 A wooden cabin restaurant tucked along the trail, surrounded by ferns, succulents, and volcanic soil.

* * *

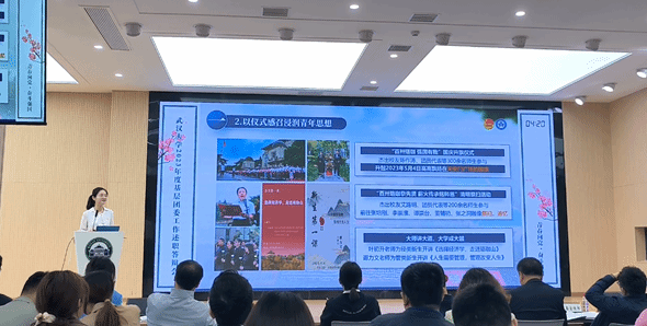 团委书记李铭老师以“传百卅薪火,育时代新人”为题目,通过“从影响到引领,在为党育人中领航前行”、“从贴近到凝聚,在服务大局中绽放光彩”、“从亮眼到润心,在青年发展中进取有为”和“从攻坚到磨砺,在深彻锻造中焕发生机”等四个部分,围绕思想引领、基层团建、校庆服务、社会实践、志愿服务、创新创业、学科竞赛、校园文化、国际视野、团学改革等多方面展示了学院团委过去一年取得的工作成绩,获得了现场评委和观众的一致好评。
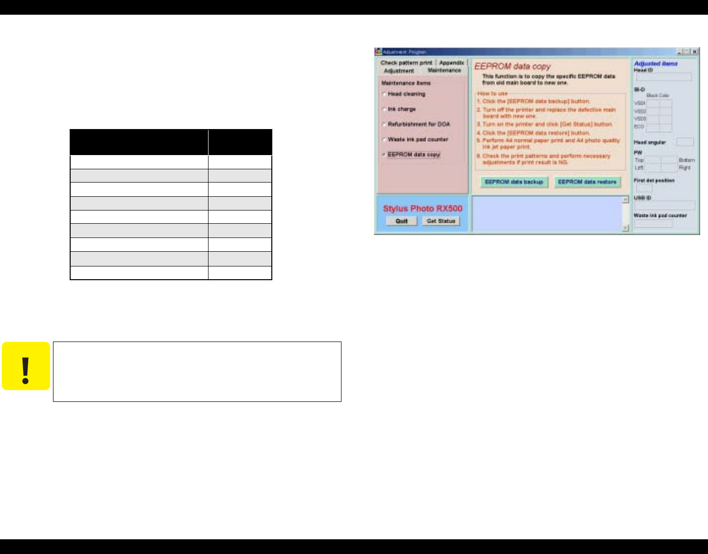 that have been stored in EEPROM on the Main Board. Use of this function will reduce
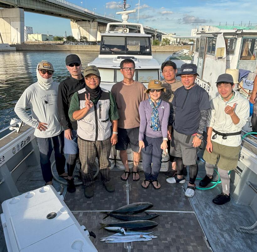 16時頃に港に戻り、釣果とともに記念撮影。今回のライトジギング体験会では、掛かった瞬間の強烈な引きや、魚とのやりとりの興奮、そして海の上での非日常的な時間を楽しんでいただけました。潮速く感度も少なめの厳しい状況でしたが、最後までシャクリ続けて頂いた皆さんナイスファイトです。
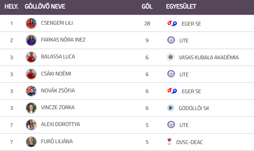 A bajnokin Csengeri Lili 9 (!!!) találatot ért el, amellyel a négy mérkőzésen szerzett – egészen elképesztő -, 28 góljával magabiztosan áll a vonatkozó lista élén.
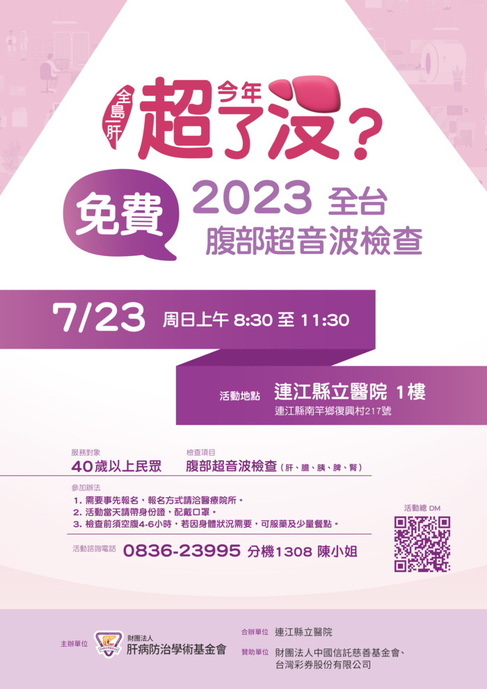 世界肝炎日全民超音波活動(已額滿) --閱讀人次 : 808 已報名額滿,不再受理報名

EXERCISE REQUIREMENTS: What you write out is the stretch of entries from the line containing "A bajnokin Csengeri" to the line containing "世界肝炎日全民超音波活動(已額滿) --閱讀人次 : 808 已報名額滿,不再受理報名", word for word, with both end lines and no pictures.

RESULT:
 A bajnokin Csengeri Lili 9 (!!!) találatot ért el, amellyel a négy mérkőzésen szerzett – egészen elképesztő -, 28 góljával magabiztosan áll a vonatkozó lista élén.
 世界肝炎日全民超音波活動(已額滿) --閱讀人次 : 808 已報名額滿,不再受理報名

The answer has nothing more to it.